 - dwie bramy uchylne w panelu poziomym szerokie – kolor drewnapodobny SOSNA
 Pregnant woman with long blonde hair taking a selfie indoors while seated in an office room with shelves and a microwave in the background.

==

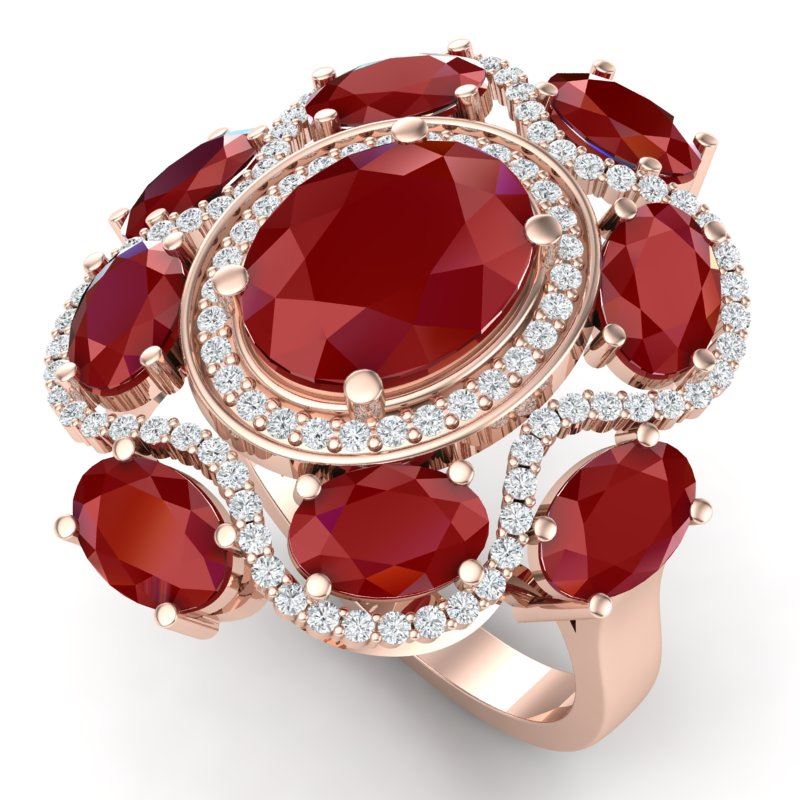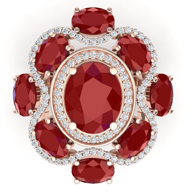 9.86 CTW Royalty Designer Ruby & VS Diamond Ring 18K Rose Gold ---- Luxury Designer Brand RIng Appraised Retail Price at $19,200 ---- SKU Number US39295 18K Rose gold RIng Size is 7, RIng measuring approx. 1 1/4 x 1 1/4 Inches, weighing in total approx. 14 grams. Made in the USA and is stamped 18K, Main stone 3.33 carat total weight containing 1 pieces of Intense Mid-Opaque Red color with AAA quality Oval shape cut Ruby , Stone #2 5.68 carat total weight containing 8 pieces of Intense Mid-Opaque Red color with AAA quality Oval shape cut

Instructions to follow – Given the records above, restate word for word only the lines starting at the one with "- dwie bramy" and ending at the one with "Pregnant woman with".

Answer section –
 - dwie bramy uchylne w panelu poziomym szerokie – kolor drewnapodobny SOSNA
 Pregnant woman with long blonde hair taking a selfie indoors while seated in an office room with shelves and a microwave in the background.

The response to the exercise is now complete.